Sources told Business Recorder here on Saturday that the snail's pace of implementation on FCTC had paved the way for the tobacco companies and the Federal Board of Revenue (FBR) to merely focus on their own proposals for the coming federal budget.
"Still the ministry has not stressed the implementation of sin tax and increase of pictorial warning on tobacco packs [by] up to 70 percent," the sources said. The plan of earning from the increased taxes on tobacco products and spending on health infrastructure is still on paper.
"The FBR didn't pay attention to the Ministry of NHS proposals because the ministry itself didn't pursue the case it built," said the official.
Instead of working for the implementation of the levy on tobacco products, the ministry has still not fulfilled commitments made with the WHO FCTC.
Previous year, the ministry has proposed implementing the health tax on tobacco products, and in 2018, it had asked the FBR to increase the tax on tobacco products to spend the revenue on health sector.
However, both proposals were minutely considered by the FBR and the Finance Department.
"Meanwhile, this year, the ministry didn't even stress seriously for the increase of tobacco tax and raised issue with the finance department," officials said.
Meanwhile, Special Assistant to the Prime Minster (SAPM) on NHS Dr Zafar Mirza in his statement said that the global tobacco epidemic kills nearly eight million people globally.
More than seven million of these deaths are from direct tobacco use and around 1.2 million are due to non-smokers being exposed to second-hand smoke. More than 80 percent of these preventable deaths will be among people living in low-and middle-income countries.
In Pakistan, tobacco use remains a major public health challenge claiming 160,000 lives annually.
Furthermore, 1,200 Pakistani children between the ages of six to 15 start smoking daily, which is alarming.
Under the Framework Convention on Tobacco Control (FCTC), an international treaty to which Pakistan is a signatory, the Federal Ministry of National Health Services, Regulations and Coordination (MNHSRC) has an obligation to develop strategies to protect the health of Pakistanis from tobacco exposure.

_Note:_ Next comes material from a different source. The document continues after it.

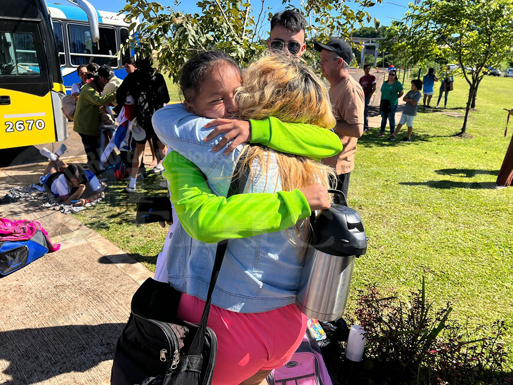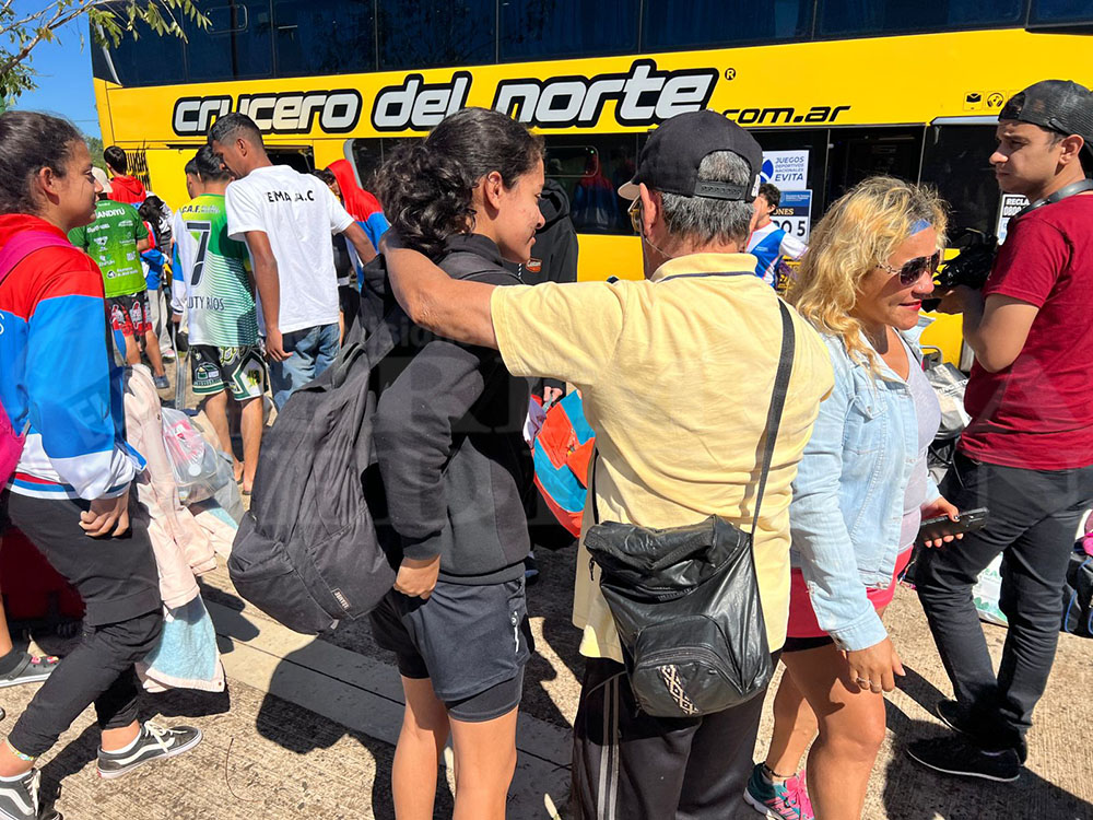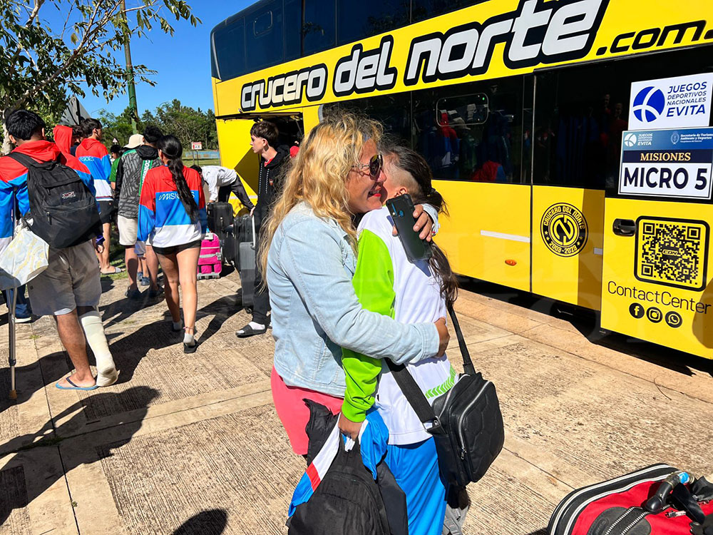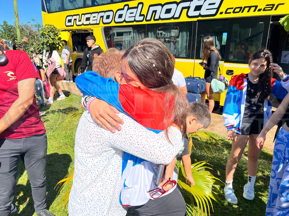 Cansados pero con las valijas repletas de medallas y experiencias inolvidables, los chicos no perdieron tiempo en abrazarse a los familiares y seres queridos que los aguardaban expectantes nada más descender de los colectivos.

Federal Ministry of National Health Services, Regulations and Coordination in coordination with the provinces has developed a draft national policy to sustain the tobacco control efforts in Pakistan.
Our ministry has tabled an ambitious tobacco taxation reforms proposal for consideration in the upcoming budget which seeks Rs24 billion in additional tax revenue, which will be used for saving the lives of public.
He said, "I am pleased to share that we successfully implemented a "Smoke-Free Islamabad Model" through 85 percent compliance of tobacco control laws. All public parks, high-rise buildings, food outlets and public transport smoke free in Islamabad. This model has also hence far been replicated in five model districts. Our Smoke Free Model has been acknowledged by the World Health Organization."
He said, "We will continue to strive to raise taxes, enhance size of graphic health warnings and promote a smoke-free society by providing a counter-marketing campaign, awareness against nicotine use and empower young people to engage in the fight against tobacco."